# Activity
An exact copy of the data is required, with no pictures in it.

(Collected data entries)

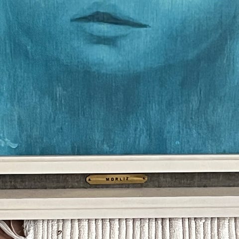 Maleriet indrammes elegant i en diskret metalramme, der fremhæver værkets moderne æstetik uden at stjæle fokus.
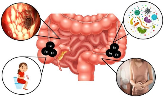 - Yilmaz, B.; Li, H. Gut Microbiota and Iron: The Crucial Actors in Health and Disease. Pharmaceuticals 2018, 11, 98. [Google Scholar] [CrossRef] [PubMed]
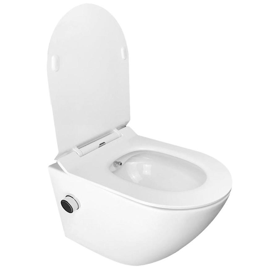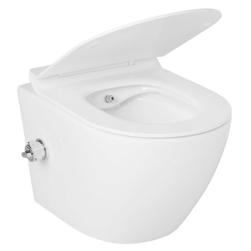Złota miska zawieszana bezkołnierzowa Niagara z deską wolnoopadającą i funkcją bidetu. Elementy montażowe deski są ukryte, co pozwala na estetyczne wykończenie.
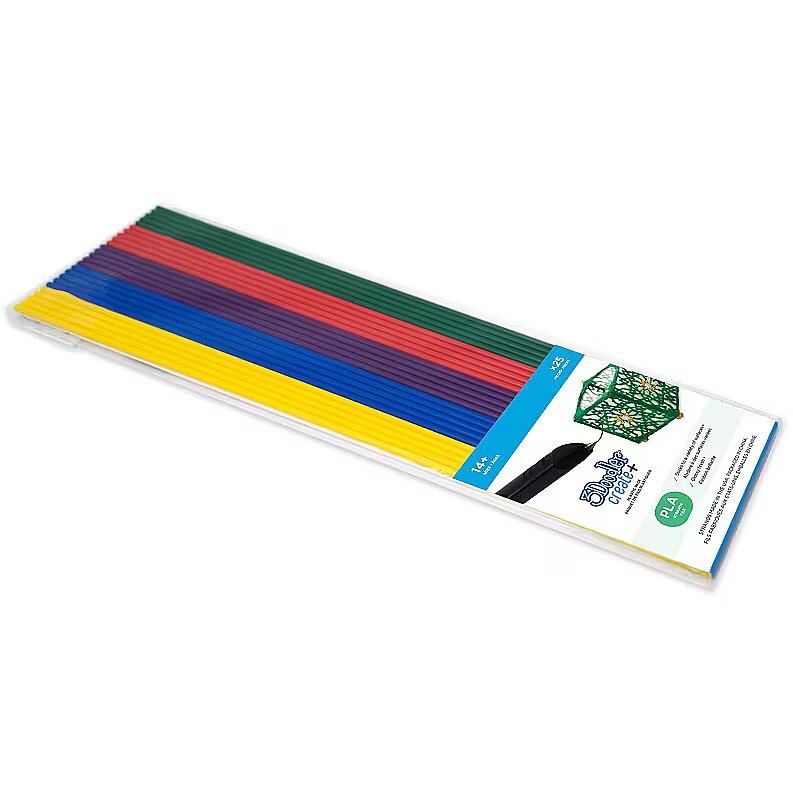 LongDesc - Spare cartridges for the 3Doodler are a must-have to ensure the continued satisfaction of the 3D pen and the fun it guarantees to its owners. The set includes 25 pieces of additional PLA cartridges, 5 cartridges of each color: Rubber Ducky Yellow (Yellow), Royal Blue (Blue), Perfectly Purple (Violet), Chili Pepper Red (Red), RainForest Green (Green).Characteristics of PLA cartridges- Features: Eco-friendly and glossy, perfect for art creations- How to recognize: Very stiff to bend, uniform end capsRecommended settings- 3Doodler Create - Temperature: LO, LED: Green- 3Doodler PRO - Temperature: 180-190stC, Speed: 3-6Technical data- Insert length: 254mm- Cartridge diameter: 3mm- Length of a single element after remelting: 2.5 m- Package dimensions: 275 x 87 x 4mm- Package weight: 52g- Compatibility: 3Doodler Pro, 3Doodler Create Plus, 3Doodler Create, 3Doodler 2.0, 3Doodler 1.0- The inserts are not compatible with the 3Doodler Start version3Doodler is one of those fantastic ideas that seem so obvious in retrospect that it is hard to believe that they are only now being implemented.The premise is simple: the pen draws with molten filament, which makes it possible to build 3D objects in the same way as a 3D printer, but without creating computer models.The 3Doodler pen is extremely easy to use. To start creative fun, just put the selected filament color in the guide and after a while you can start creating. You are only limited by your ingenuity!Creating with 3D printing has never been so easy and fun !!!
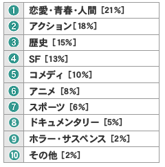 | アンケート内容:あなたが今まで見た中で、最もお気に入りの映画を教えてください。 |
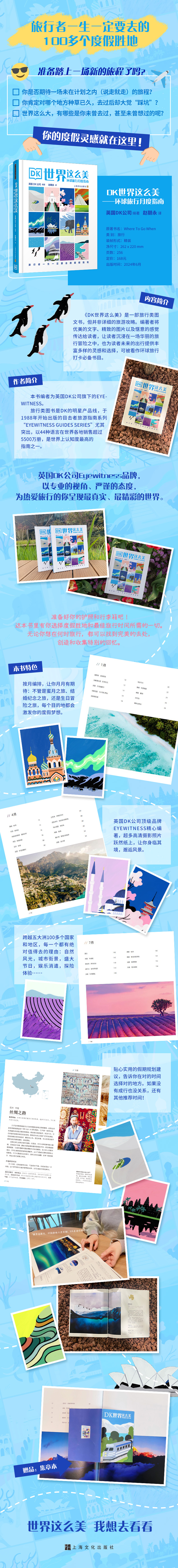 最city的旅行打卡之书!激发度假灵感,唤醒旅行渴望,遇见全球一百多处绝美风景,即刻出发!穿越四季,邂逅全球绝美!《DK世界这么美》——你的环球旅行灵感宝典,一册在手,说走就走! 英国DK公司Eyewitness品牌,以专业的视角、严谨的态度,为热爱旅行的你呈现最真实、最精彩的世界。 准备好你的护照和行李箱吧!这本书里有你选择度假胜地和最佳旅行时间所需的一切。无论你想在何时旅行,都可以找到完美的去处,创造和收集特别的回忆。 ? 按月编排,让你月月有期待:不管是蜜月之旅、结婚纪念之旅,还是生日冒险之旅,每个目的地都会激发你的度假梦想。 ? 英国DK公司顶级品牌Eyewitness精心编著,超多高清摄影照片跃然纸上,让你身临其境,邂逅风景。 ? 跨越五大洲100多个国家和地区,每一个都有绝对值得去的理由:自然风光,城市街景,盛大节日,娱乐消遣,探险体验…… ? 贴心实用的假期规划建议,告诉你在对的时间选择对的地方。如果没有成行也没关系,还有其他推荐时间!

# Task solution
 Maleriet indrammes elegant i en diskret metalramme, der fremhæver værkets moderne æstetik uden at stjæle fokus.
 - Yilmaz, B.; Li, H. Gut Microbiota and Iron: The Crucial Actors in Health and Disease. Pharmaceuticals 2018, 11, 98. [Google Scholar] [CrossRef] [PubMed]
Złota miska zawieszana bezkołnierzowa Niagara z deską wolnoopadającą i funkcją bidetu. Elementy montażowe deski są ukryte, co pozwala na estetyczne wykończenie.
 LongDesc - Spare cartridges for the 3Doodler are a must-have to ensure the continued satisfaction of the 3D pen and the fun it guarantees to its owners. The set includes 25 pieces of additional PLA cartridges, 5 cartridges of each color: Rubber Ducky Yellow (Yellow), Royal Blue (Blue), Perfectly Purple (Violet), Chili Pepper Red (Red), RainForest Green (Green).Characteristics of PLA cartridges- Features: Eco-friendly and glossy, perfect for art creations- How to recognize: Very stiff to bend, uniform end capsRecommended settings- 3Doodler Create - Temperature: LO, LED: Green- 3Doodler PRO - Temperature: 180-190stC, Speed: 3-6Technical data- Insert length: 254mm- Cartridge diameter: 3mm- Length of a single element after remelting: 2.5 m- Package dimensions: 275 x 87 x 4mm- Package weight: 52g- Compatibility: 3Doodler Pro, 3Doodler Create Plus, 3Doodler Create, 3Doodler 2.0, 3Doodler 1.0- The inserts are not compatible with the 3Doodler Start version3Doodler is one of those fantastic ideas that seem so obvious in retrospect that it is hard to believe that they are only now being implemented.The premise is simple: the pen draws with molten filament, which makes it possible to build 3D objects in the same way as a 3D printer, but without creating computer models.The 3Doodler pen is extremely easy to use. To start creative fun, just put the selected filament color in the guide and after a while you can start creating. You are only limited by your ingenuity!Creating with 3D printing has never been so easy and fun !!!
 | アンケート内容:あなたが今まで見た中で、最もお気に入りの映画を教えてください。 |
 最city的旅行打卡之书!激发度假灵感,唤醒旅行渴望,遇见全球一百多处绝美风景,即刻出发!穿越四季,邂逅全球绝美!《DK世界这么美》——你的环球旅行灵感宝典,一册在手,说走就走! 英国DK公司Eyewitness品牌,以专业的视角、严谨的态度,为热爱旅行的你呈现最真实、最精彩的世界。 准备好你的护照和行李箱吧!这本书里有你选择度假胜地和最佳旅行时间所需的一切。无论你想在何时旅行,都可以找到完美的去处,创造和收集特别的回忆。 ? 按月编排,让你月月有期待:不管是蜜月之旅、结婚纪念之旅,还是生日冒险之旅,每个目的地都会激发你的度假梦想。 ? 英国DK公司顶级品牌Eyewitness精心编著,超多高清摄影照片跃然纸上,让你身临其境,邂逅风景。 ? 跨越五大洲100多个国家和地区,每一个都有绝对值得去的理由:自然风光,城市街景,盛大节日,娱乐消遣,探险体验…… ? 贴心实用的假期规划建议,告诉你在对的时间选择对的地方。如果没有成行也没关系,还有其他推荐时间!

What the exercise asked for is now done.